The TV-interview: own your message

Media relations Training and Coaching

Stay in control of your own message. That is by far my most important advice when you get the chance to tell your story in front of a camera. Prepare up to three key messages and repeat them throughout the interview. This is the only way to stay in control of your story. And thus it will be clear to the journalist which accents you want to set. Apart from that: stay yourself and tell your story as if you were telling it to your neighbour.
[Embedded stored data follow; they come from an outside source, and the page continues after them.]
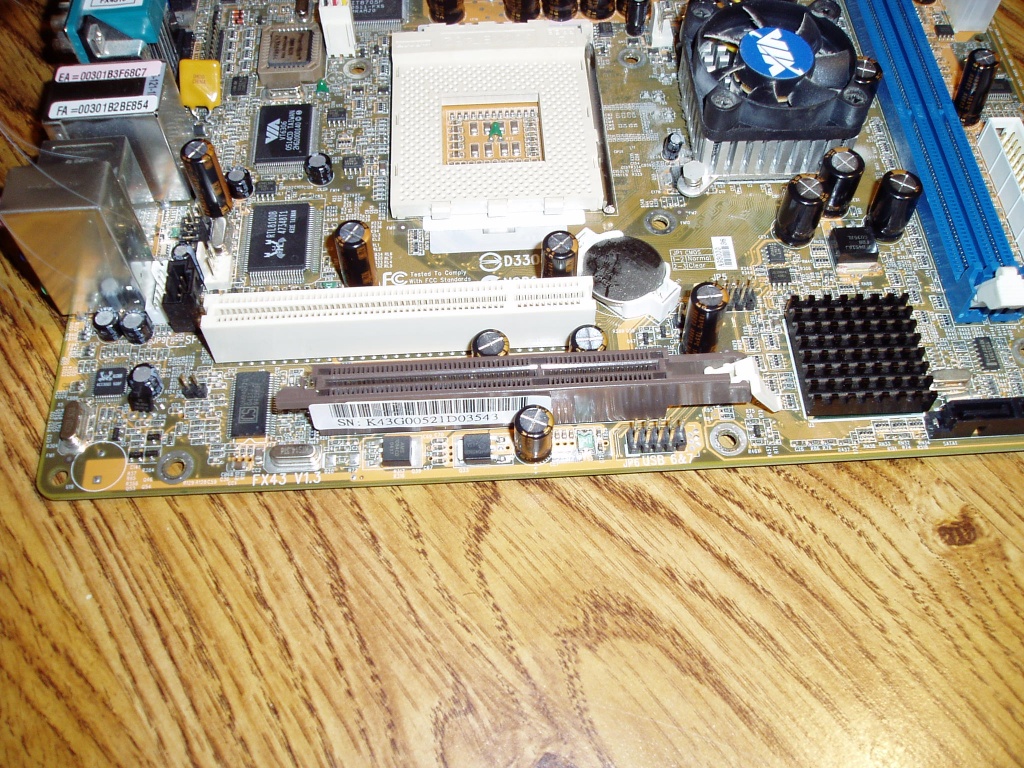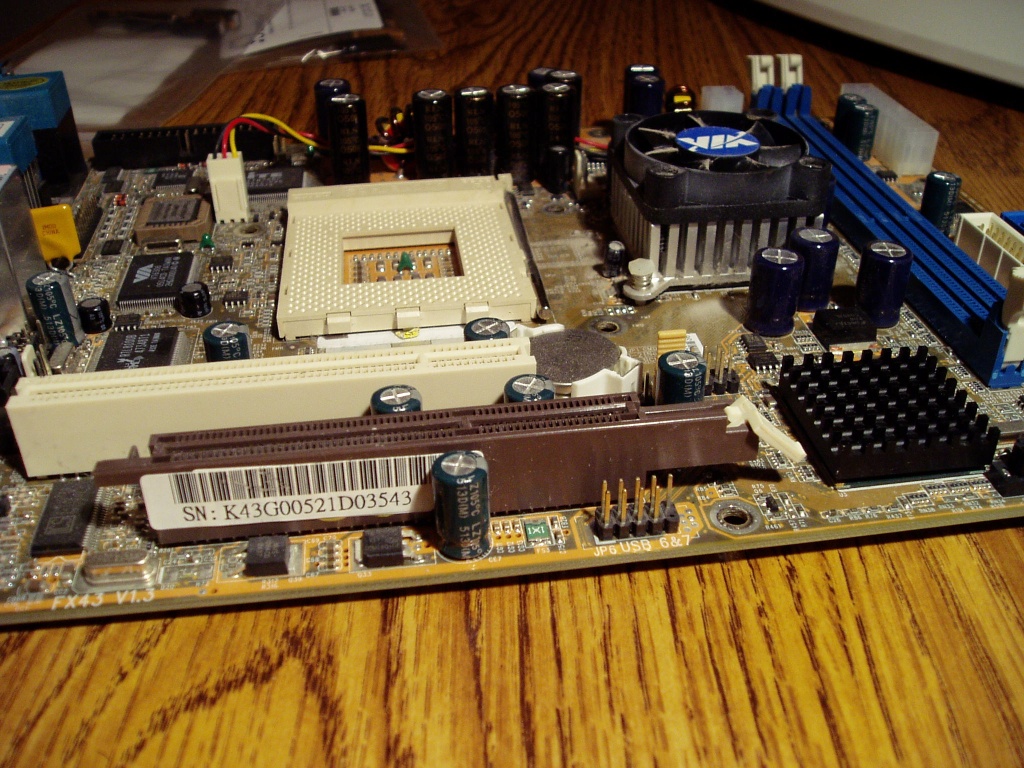 Near the PCI/AGP slots there are several caps. What's in there now are a G-Luxon LZ 1000 uF 10V 8x15 cap. There are 3 caps on the "business" side of the slots, 1 3cm out on the PCI, and two behind the PCI slot (on the non-business side of the card).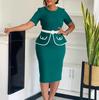 Podzimní a zimní dámské sexy šaty s kulatým výstřihem a rozparkem, temperamentní taška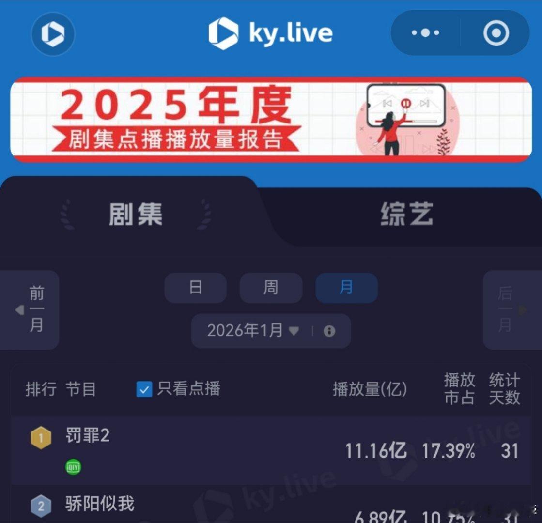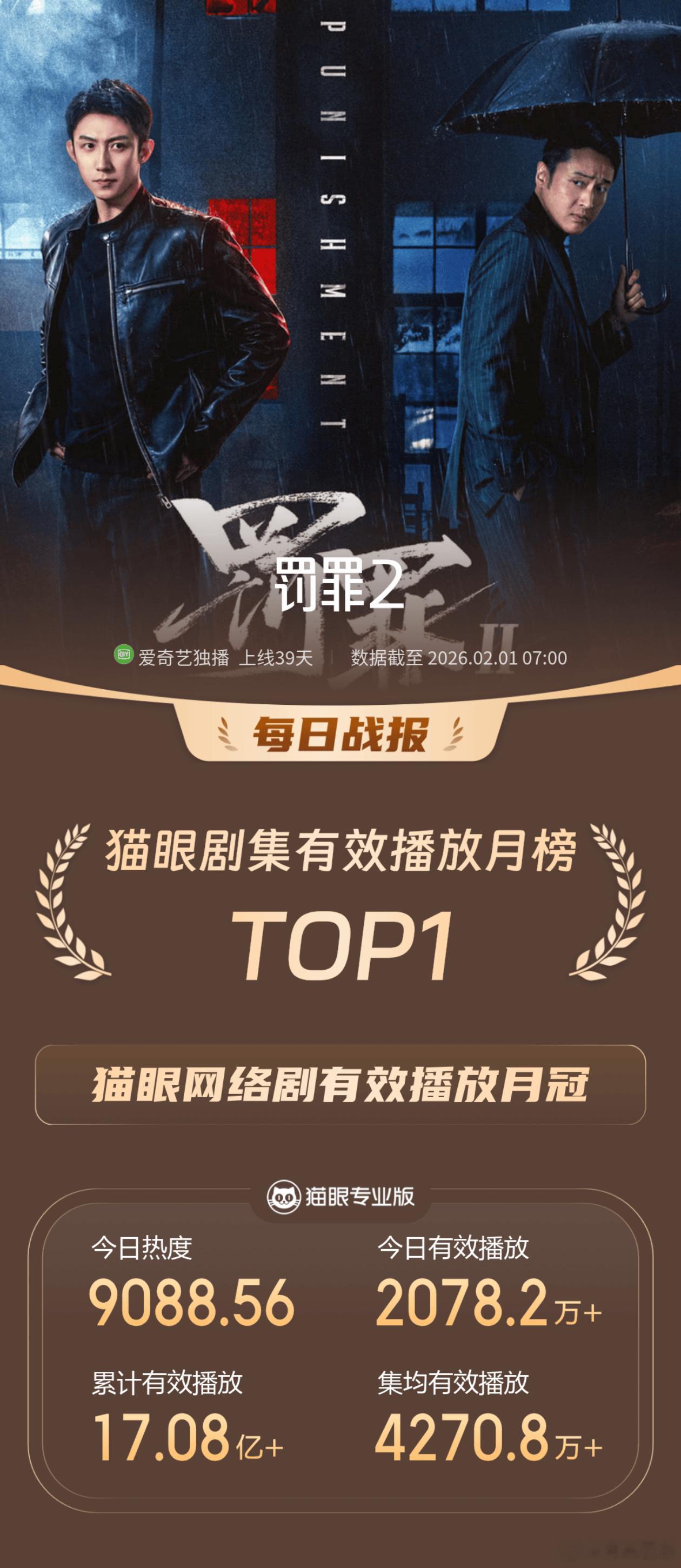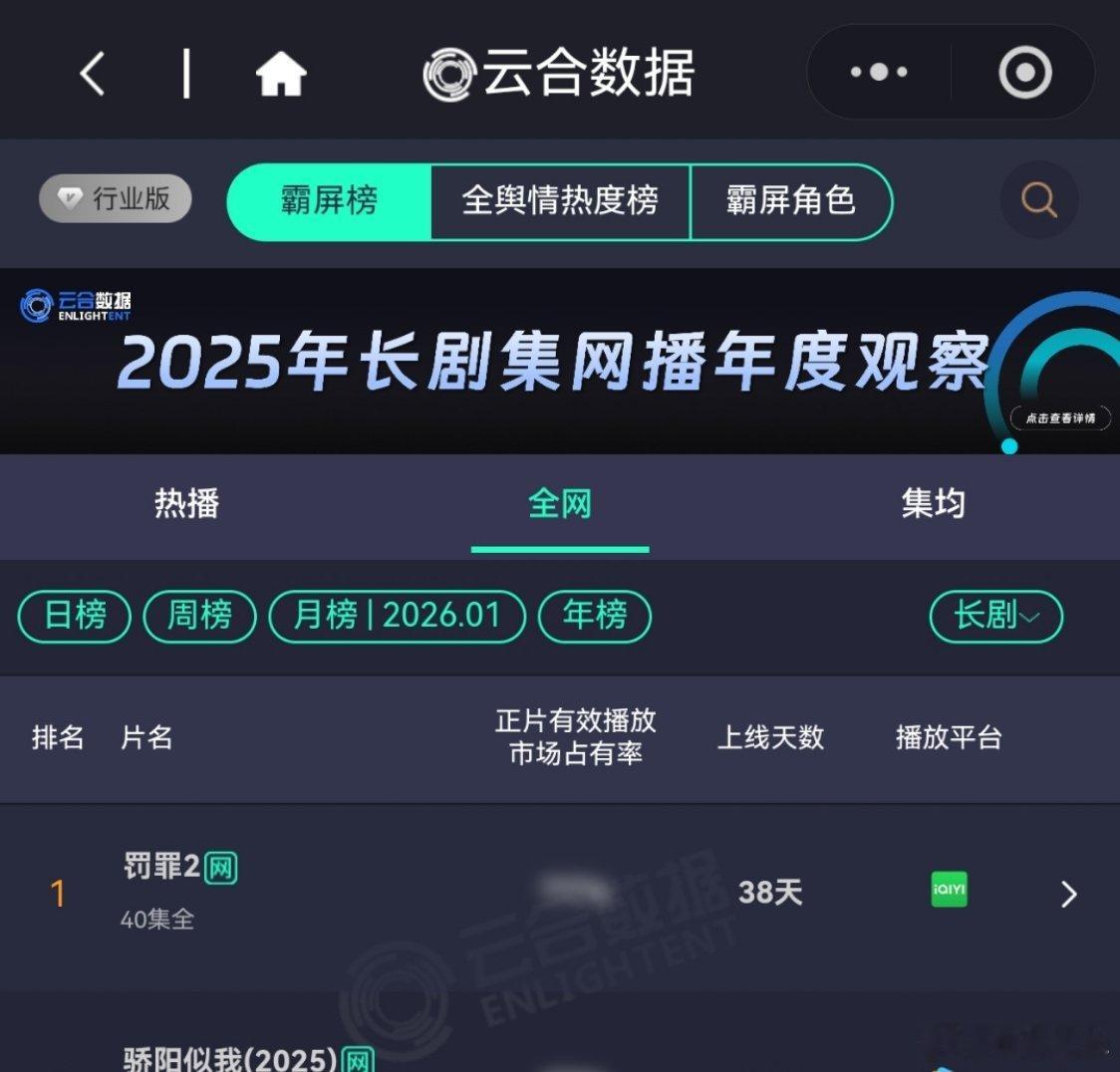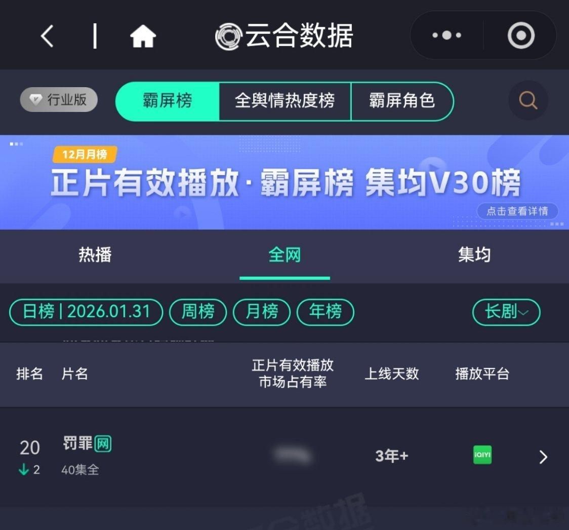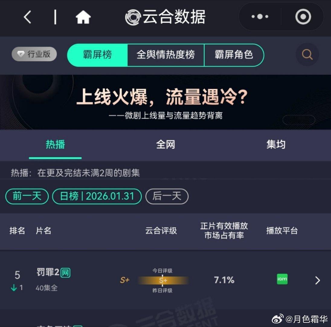 1月31日,罚罪2VIP更新结束第15天,又一个新剧超点了,今天排第5,热播期预测还有14天,罚罪,云合第20,《冬至》云合网络剧28,黄景瑜罚罪2是云合、灯塔、酷云、猫眼全满贯月冠军,《罚罪》第8个月登云合月榜(第13名)黄景瑜秦枫 。

Those who get the chance to tell the story of their project or company in front of a TV camera are usually overwhelmed by nerves. TV still has something magical and at the same time has a big impact because it reaches a wide audience. But the moment you stand in front of the camera, you don’t see your audience. And you have no control over the end result, because the journalist chooses which quotes or parts of the interview he will use afterwards. A loss of control, then.

Three key messages

In order to stay in charge of your story, it is best to prepare a maximum of three key messages in advance. These are the most important statements you will certainly want to make about your story. Answer as many of the journalist’s questions as possible with these key messages. Do not answer next to the question, but always take a small turn to get back to your own key messages. This is how you determine the accents of your story, and not the interviewer.

Short quotes

Make short, powerful statements, each lasting about 20 seconds. This is how long the viewer’s span of attention lasts, after which he or she will want to hear or see something else. If you do give longer answers, the journalist will shorten your quotes to 20 seconds. Shortening means cutting away information, and thus… a loss of control over your own communication.

Talk a teen’s talk

TV usually reaches a wide audience, people from all walks of life, of all ages and backgrounds. Therefore: adapt your language accordingly. Use words that everyone understands, regardless of their prior knowledge of the subject. In concrete terms, this means using a vocabulary which teenagers age 14 also understand: no jargon, no difficult or rigid words, no abbreviations, or terms in a different language. Just keep it perfectly clear.

Stay yourself

And finally: stay yourself. Don’t pretend to be anything else than what you are in normal life. Tell your story as if you were telling it to your neighbour, from the gut, with enthusiasm, and in plain common language. Don’t put on clothes you don’t normally wear. Never look into the camera, but always at the journalist, who is standing right next to the lens. Keep your arms in front of your body and use your hands when talking. Just like you do in normal life. Being authentic is the key.